Houston we have a Divergence: A Subgroup Performance Analysis of ASR Models
Alkis Koudounas, Flavio Giobergia
TL;DR
The paper analyzes why Apollo-era multi-speaker recordings exhibit ASR performance variability across subgroups by constructing a metadata-driven framework that groups recordings and measures WER divergence from the population. It evaluates Whisper variants in zero-shot and fine-tuned settings across English-only and multilingual configurations, linking subgroup characteristics to performance with Global Shapley Values.
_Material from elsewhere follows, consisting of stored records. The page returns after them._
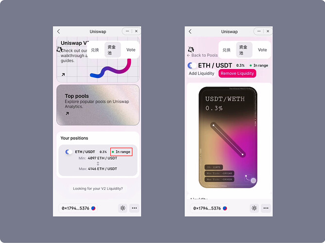 5.点击「In range」即可查看在 Uniswap v3 存入流动性获取的 NFT(即流动性凭证),该 NFT 是一张动态的图片,展示了交易对、手续费率、ID 和价格区间等信息。
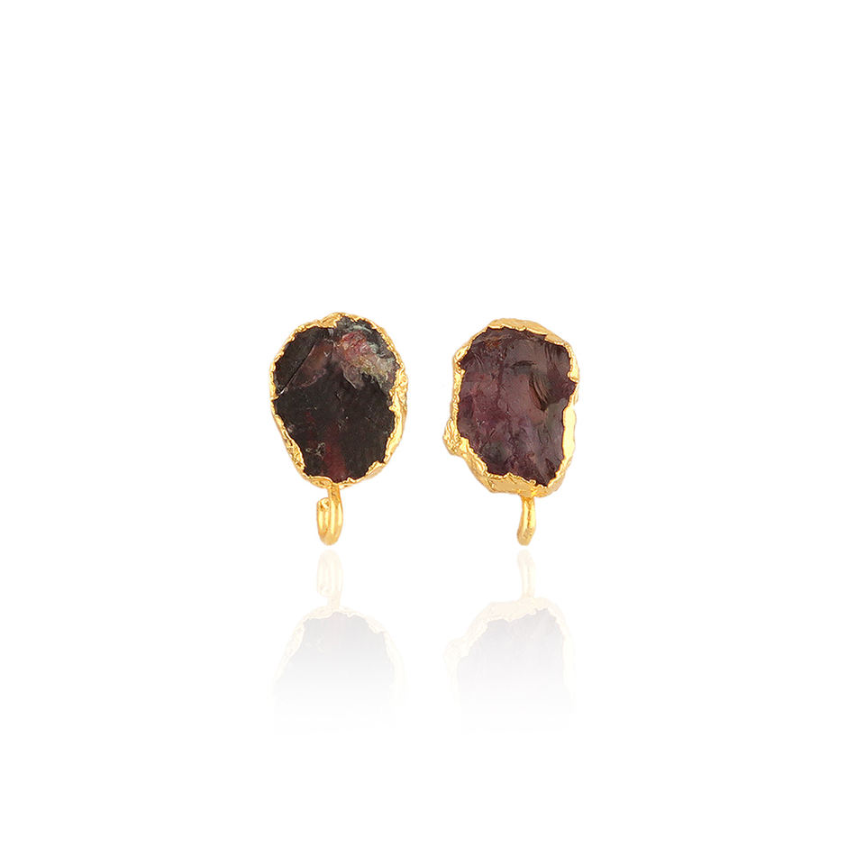 Handmade Copper Alloy Ear Post Connector Natural Freeform Uncut Raw Emerald Stud Earring Electroplating Edged Jewelry Making
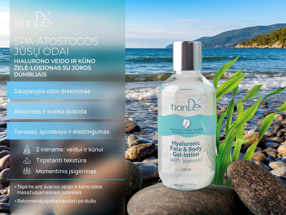 Šis hialurono gelinis losjonas su jūros dumbliais suteikia odai intensyvų drėkinimą, ramina ir maitina ją po prausimosi ar saulės poveikio. Jūros dumblių ekstraktai yra turtingi mineralais ir antioksidantais, kurie padeda odai atsinaujinti ir išlaikyti jaunatvišką išvaizdą.
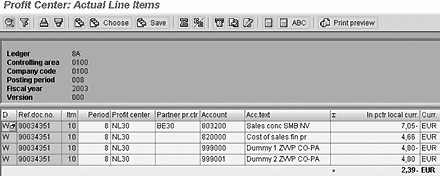 If everything had been set up correctly, the revenue from the customer invoice and the costs from the inter-company invoice would have been booked on a profit center belonging to the Company A (Belgium). The revenue of the inter-company invoice and the costs of the goods would have been booked on a profit center belonging to Company B (Holland). However, because the profit center master data was set up incorrectly, all costs and revenues were reported either in Company A or Company B.
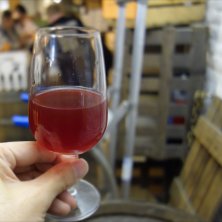 カンティヨン醸造所でクリークビア試飲. ドライで酸っぱい. 瓶からなので日本でも飲めるあの味.
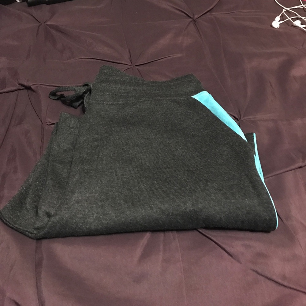 (Grey/Blue) Capri sweat pant. 60% Cotton 35% Polyester 5% Spandex

Key findings show that fine-tuning reduces subgroup divergence and that model-size effects are heterogeneous, while multilingual models offer selective gains for a subset of subgroups; metadata such as high SNR and low spectral flatness correlate with better WER. The work provides a practical methodology for diagnosing and mitigating subgroup disparities in Earth-to-space communications and informs targeted optimizations for historical multi-speaker ASR datasets.
Abstract
The Fearless Steps APOLLO Community Resource provides unparalleled opportunities to explore the potential of multi-speaker team communications from NASA Apollo missions. This study focuses on discovering the characteristics that make Apollo recordings more or less intelligible to Automatic Speech Recognition (ASR) methods. We extract, for each audio recording, interpretable metadata on recordings (signal-to-noise ratio, spectral flatness, presence of pauses, sentence duration), transcript (number of words spoken, speaking rate), or known a priori (speaker). We identify subgroups of audio recordings based on combinations of these metadata and compute each subgroup's performance (e.g., Word Error Rate) and the difference in performance (''divergence'') w.r.t the overall population. We then apply the Whisper model in different sizes, trained on English-only or multilingual datasets, in zero-shot or after fine-tuning. We conduct several analyses to (i) automatically identify and describe the most problematic subgroups for a given model, (ii) examine the impact of fine-tuning w.r.t. zero-shot at the subgroup level, (iii) understand the effect of model size on subgroup performance, and (iv) analyze if multilingual models are more sensitive than monolingual to subgroup performance disparities. The insights enhance our understanding of subgroup-specific performance variations, paving the way for advancements in optimizing ASR systems for Earth-to-space communications.